Okurlarımız lütfen yanlış anlamasın, söylediğimiz “Hepimiz ölebiliriz” değil. Sonuçta riskleri büyük olsa da tedavisi mümkün olan bir hastalıktan söz ediyoruz. Tehlike sistemle ilgili: Salgın bir anda çok büyük bir yayılma gösterebilir. Sağlık sistemi yığılan onbinlerce hasta, kendisi hasta olmuş binlerce sağlık çalışanı ve buna hiç hazır olmayan hastanelerle kilitlenebilir.

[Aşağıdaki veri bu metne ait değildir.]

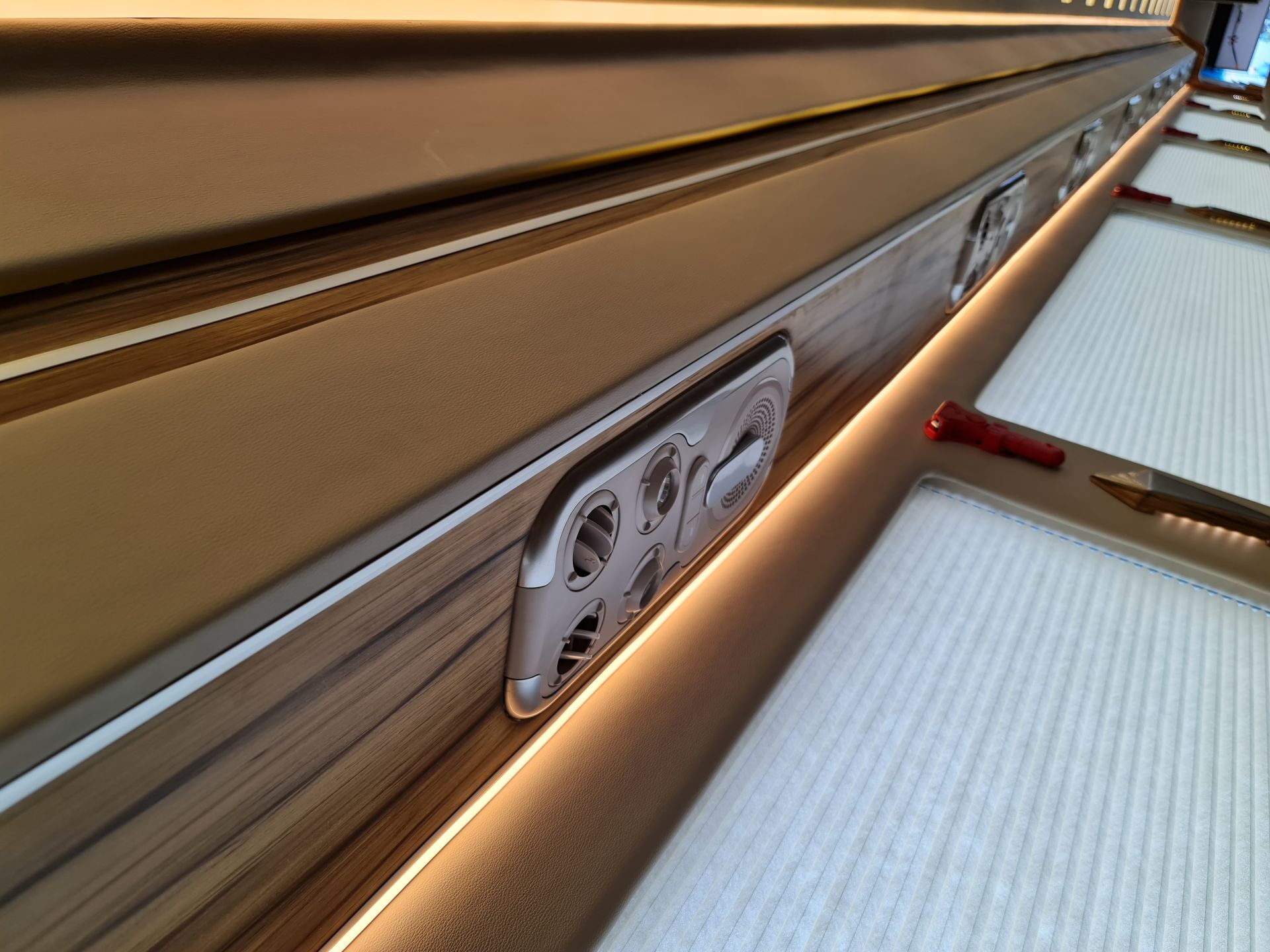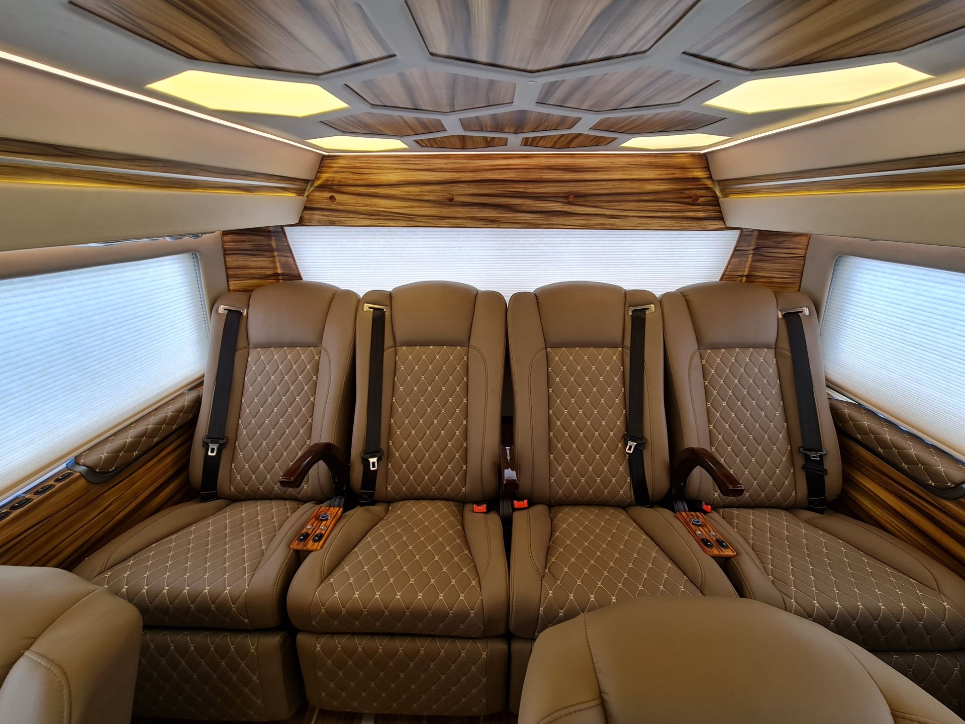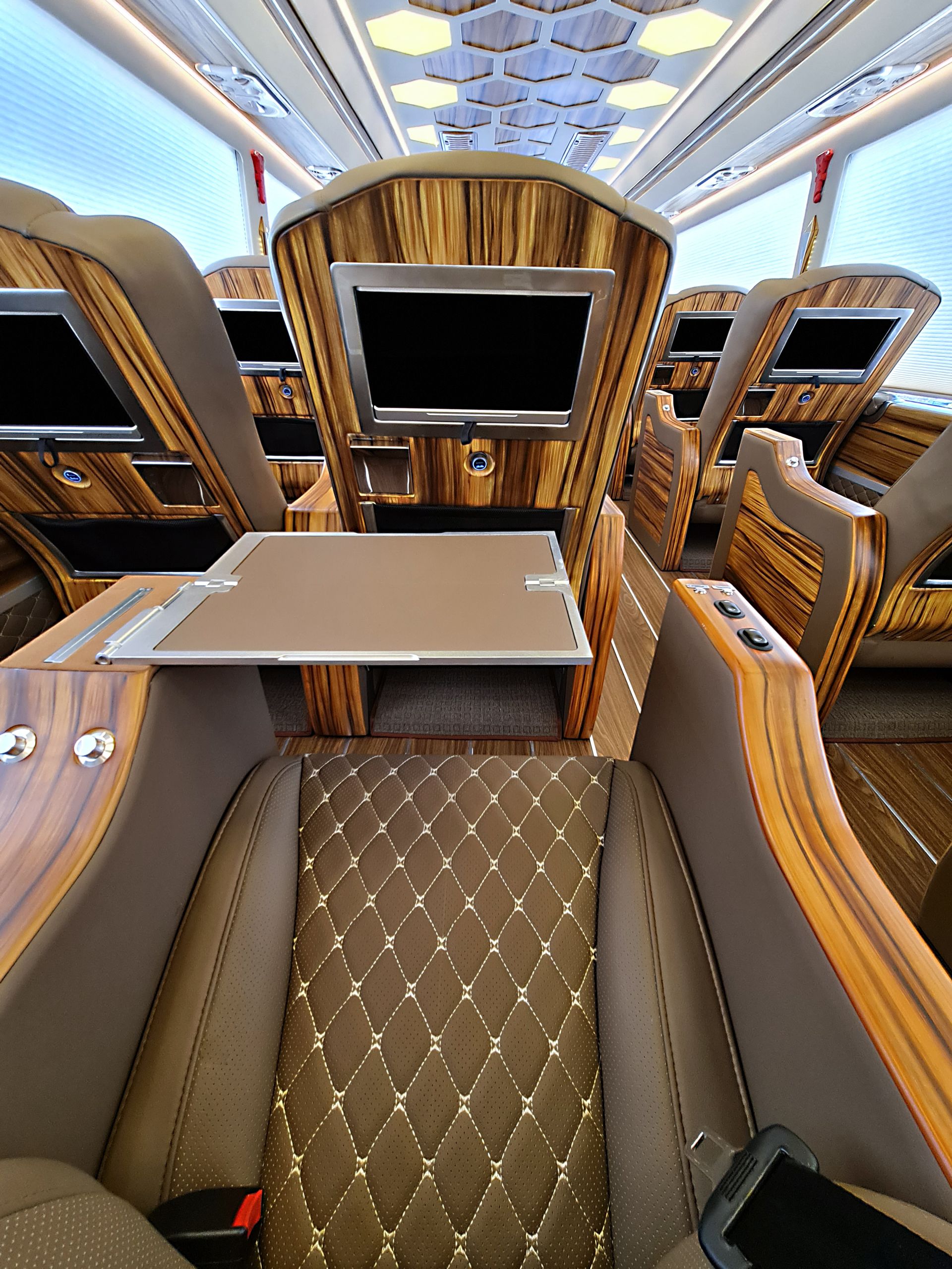 - Bệ để chân chỉnh điện - Bộ tem AutoKingdom - Âm thanh cao cấp - Hệ thống làm mát lưng theo lựa chọn - Hệ thống đèn LED chiếu sáng - Ổ sạc USB cho từng ghế - Ốp da công nghiệp toàn xe - Rèm cơ không dây ngăn tia UV - Sàn gỗ công nghiệp - Bàn làm việc tích hợp tay ghế - Tủ lạnh dung tích lớn

Umre dönüşünden, sonuçları gizlemeye kadar birçok konuda hiç iyi işaretler vermemiş olan sağlık üstyapısı bu konuda hiç güven vermiyor.

“Bakanı takdir etmek lazım, çok iyi çalıştı” hikayelerinin de önümüzdeki dönemde hiçbir hükmü olmayacak.

DÜZELTMELER

Haberimizi hazırladıktan sonra iki konuda düzeltme yapma ihtiyacı duyduk.

Birincisi, Akkul'un eşi kendisinin hastanede olmadığını ve yatışının hiç yapılmadığını duyurmuştu. Bu hastane tarafından da doğrulandı. Bayan Akkul sadece test için hastaneye gelmişti.

İkinci düzeltme ise Akkul'un odasının bulunduğu koridorun boşaltıldığı konusundaydı. Hastanedeki kaynaklarımız haberimizin ardından bize tekrar ulaşarak koridorda başka hastalara ait odaların da bulunmaya devam ettirdiğini bildirdi.